On 14 Feb 2011, at 18:46, Brent Meeker wrote:

On 2/14/2011 1:00 AM, Bruno Marchal wrote:


On 14 Feb 2011, at 07:13, Jason Resch wrote:



On Sun, Feb 13, 2011 at 10:46 AM, Brent Meeker <meeke...@dslextreme.com > wrote:
On 2/13/2011 5:21 AM, 1Z wrote:

On Feb 12, 3:18 am, Brent Meeker<meeke...@dslextreme.com>  wrote:


What do you think the chances are that any random object in
Plato's heaven, or any random Turing machine will support intelligent life?
1 in 10, 1 in 1000, 1 in a billion?

Zero.

Does that allow us to argue:

1) A universe selected from an uncountably infinite number of
possibilities has measure
0
2) Our universe exists so it has measure>0
3) Our universe is not selected from uncountably infinite
possibilities
4) MUH indicates any universe must be selected from uncountable
infinite possibilities (since all
of maths includes the real line, etc)
5) MUH is false.


Hmmm. I think we argue that objects in Plato's heaven and Turing machines are not the right kind of things to support life.


I am very puzzled by this statement. You could help me understand by answering the following questions:

Why couldn't there be an accurate simulation of life on a Turing machine?

How can entities within a universe that exists in Plato's heaven distinguish it from a universe that does not?

That is a good argument which convinces many people, who actually ask "what is the MGA for?"

Here I can imagine what 1Z could answer to "How can entities within a universe that exists in Plato's heaven distinguish it from a universe that does not?". He assumes the existence of primary matter or of a primitively real physical universe,

It's equivocation to speak of entities existing in a domain that doesn't exist.

I agree.



If something like arithmetical universe exists, it exists in a very different sense of the word than material objects exist.

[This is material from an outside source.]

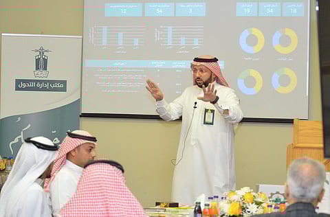 وأشاد بالجهود التي يبذلها مكتب إدارة التحول بإشراف نائب رئيس الجامعة للدراسات العليا والبحث العلمي الدكتور أمين بن يوسف نعمان وإدارة وأعضاء المكتب من خلال إعداد الخطط والمبادرات التحولية ومؤشرات الأداء للتحول إلى نظام الجامعات.
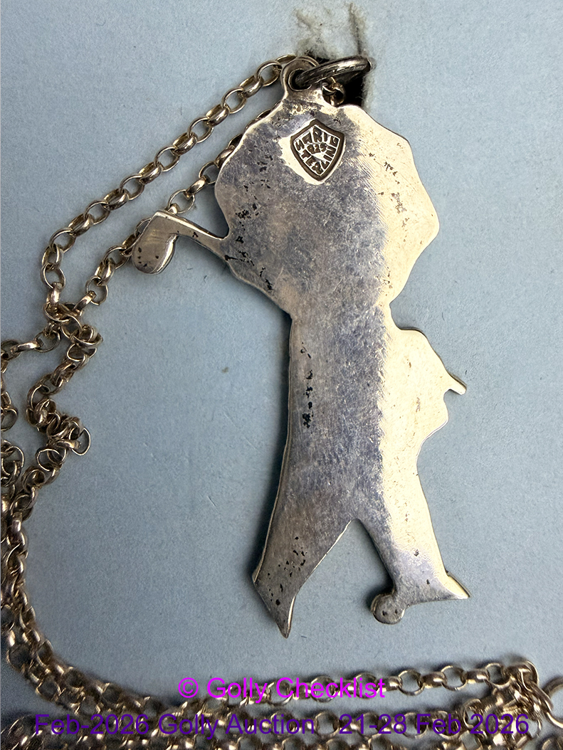 DESCRIPTION: Offered for sale is a rare 1980's Silver Pendant GOLFER. Complete with chain although not believed to be original. Issued for only a short time during the late 1970's/early 1980's. Considered by many collectors to be some of the most beautiful of the Golly items issued by Robertsons, the way the silver detailing has been carefully crafted to show through the transparent enamel is clearly the work of a master craftsman.

Arithmetical universe (model of arithmetic theories) already exist in a different sense than the existence of natural number. For the existence of natural numbers you don't need to postulate sets or 'universes'. In the comp physics, both person and matter exists in a quite different sense than numbers. All the different type of existence can be explained intuitively with the notion of persons views, or technically by the use of the modalities. "ExP(x)" means usually that there exist a number n such that it is the case that P(n), but the existence of matter will be described by a "quantized formula" of the type BD(ExBD(P(n)), or something like that. The intensional difference makes all the difference of the notion of "existence" rather transparent. All existence are build from the number existence, but none are equivalent to number existence which can be taken as the most primitive form of existence.



If there are entities in that universe that are aware of it (whatever that may mean) then they a perforce aware in a different sense.

Not necessarily. If their awareness is emulated by a computation, then such an awareness will not feel any difference if the computation is done by this or that type of reality, but the content of their consciousness, and the stability of the experience may depend on it in the long term. The indeterminacy of their first person experience depends on the set of all continuations available in the maximal "everything" structure. That is why we can test the mechanist hypothesis.






and will, by decision, attribute consciousness, only to the creature made off that primary matter,

No, there is no need to assume primary matter. One need only recognize that there is *this* universe which we are aware of and exist in and it is not the same as some other universe which may or may not exist in some different sense or another.

OK.




even if the consciousness relies in the computation implemented in that matter. So 1Z accepts the idea that arithmetical truth is full of zombies, like the "1Z" described in arithmetic through the arithmetical emulation of our galaxy (say). But that moves is made impossible by the MGA. To attach consciousness to matter, you have to introduce something non Turing emulable in that consciousness, or, like Jack Mallah did, attribute a physical activity to a piece of matter having no physical activity at all relevant with the computation.

But the idea of multiple worlds started with Everett whose interpretation of QM implies that there are no pieces of matter with no activity. The universe is defined by a wave function in a Hilbert space and pieces of matter are just certain projections.

OK. I don't see why this change anything in the paragraph you quoted.



But this prevent to say "yes" to the doctor *qua computatio*.

No it doesn't. Whatever the doctor uses to replace neurons in your head is also matter and also part of the universal wave function.

OK.





Do you (the reader of the list, not Jason) agree with the 323 principle? If the physical running of a computer entails some consciousness, and if that running does not use the register 323, does the same running of that computer with the "323 register" deleted, run the same consciousness, or not?

I'd say that's an empirical question.

Certainly not. There are no empirical test for consciousness, especially when it is restricted to one particular computation. We know already that the behavior or the report of the experience will not be different.



But in terms of answering the doctor we can say that leaving out register 323 very likely makes it a different computer.

Obviously. But that is the question. The question is: given that the computation c is the same with and without the register 323 (which is not used during c), if consciousness supervenes on c with register 323, does consciousness supervenes on c without register 323?